Lambda: coquititle-evidence-resolver
Technology: Deterministic matching + visual grounding + parallel LLM fallback
Three-Phase Processing
Evidence resolution uses a tiered approach to maximize accuracy while minimizing LLM costs:
Phase 1: Deterministic Matching (Serial)
Fast, cost-free matching attempted first:
| Method | Confidence | Description |
|---|---|---|
exact | 1.0 | Quote found as exact substring in claimed line |
fuzzy_full_line | 0.8 | Normalized text match (lowercase, collapsed whitespace) |
nearby_exact | 1.0 | Exact match found in adjacent line (±2 lines) |
nearby_fuzzy | 0.8 | Fuzzy match in adjacent line |
# Normalization for fuzzy matching
def normalize_text(text):
text = text.lower()
text = re.sub(r'\s+', ' ', text)
return text.strip()
Phase 1.5: Visual Grounding (Parallel)
When deterministic matching fails, visual grounding uses Gemini to visually locate the extracted value on the PDF page image. This is particularly effective when OCR text doesn't match due to formatting or rendering differences, but the value is clearly visible on the page.
| Method | Confidence | Description |
|---|---|---|
visual_grounding | 0.8 | Gemini visually locates value on PDF page |
Parallel Processing:
- Up to 12 concurrent visual grounding calls (
MAX_VG_WORKERS = 12) - Circuit breaker limits to 100 attempts per invocation to control API costs
- Pre-fetched PDF bytes and Gemini caches minimize database access in threads
Per-Document Caching:
To avoid re-uploading the same PDF for multiple evidence references on the same document, visual grounding uses per-document Gemini context caching:
- PDF pages are uploaded once and cached for 15 minutes
- Subsequent evidence items on the same document reuse the cached context
- LRU eviction with max 10 cached documents per invocation
Phase 2: LLM Fallback (Parallel)
For evidence that fails both deterministic matching and visual grounding (common with garbled OCR from handwritten documents where the value isn't visually identifiable):
| Method | Confidence | Description |
|---|---|---|
llm | 0.85 | LLM-based token matching |
approximate | 0.3 | Last-resort: highlight claimed line ± 1 |
failed | 0.0 | No match found |
Parallel Processing:
- Up to 12 concurrent LLM calls (
MAX_LLM_WORKERS = 12) - Each call resolves one evidence citation
- Pre-fetched tokens and page context for thread safety
LLM Fallback Architecture
The LLM fallback handles garbled OCR where substring matching fails:
LLM Prompt Structure
The prompt explains that OCR of handwritten documents produces garbled text:
"Muñoz Bermúdez" might appear as "Locanto mu Berdas"

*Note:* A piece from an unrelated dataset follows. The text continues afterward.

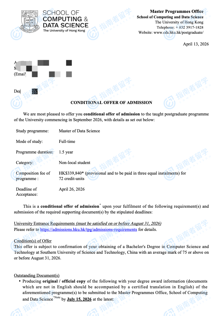 <p>香港大学数据科学理学硕士项目由香港大学统计与精算学院(主导)和计算机学院联合创办。该课程旨在为毕业生提供数据科学原理和实践方面的培训。考生应具备微积分和代数、计算机编程和统计学入门的知识,并应在这三个科目或相关领域中的每一个科目至少学习过一门大学或中学后的证书课程。</p>

"inscripción primera" might appear as "inscripclon primcra"
The LLM identifies which tokens contain the value, despite distortion.
Page-Scoped Context
To reduce token usage (~90% reduction), the LLM receives only:
- Target page ± 1 adjacent pages
- Tokens from claimed line ± 5 lines
def fetch_document_catalog_for_page(conn, doc_id, target_page):
"""Fetch line-indexed catalog for target page ± 1."""
# Only 3 pages max instead of entire document
return pages_dict
Bounding Box Resolution
Once tokens are identified, bounding boxes are extracted:
Coordinate Systems
| Source | Format | Range |
|---|---|---|
| Gemini (visual) | [ymin, xmin, ymax, xmax] | 0-1000 |
| OCR Tokens | {x, y, width, height} | 0-1 normalized |
| Database | {x, y, width, height} | 0-1 normalized |
Conversion
def convert_gemini_bbox_to_normalized(bbox):
"""Convert Gemini's 0-1000 to normalized 0-1."""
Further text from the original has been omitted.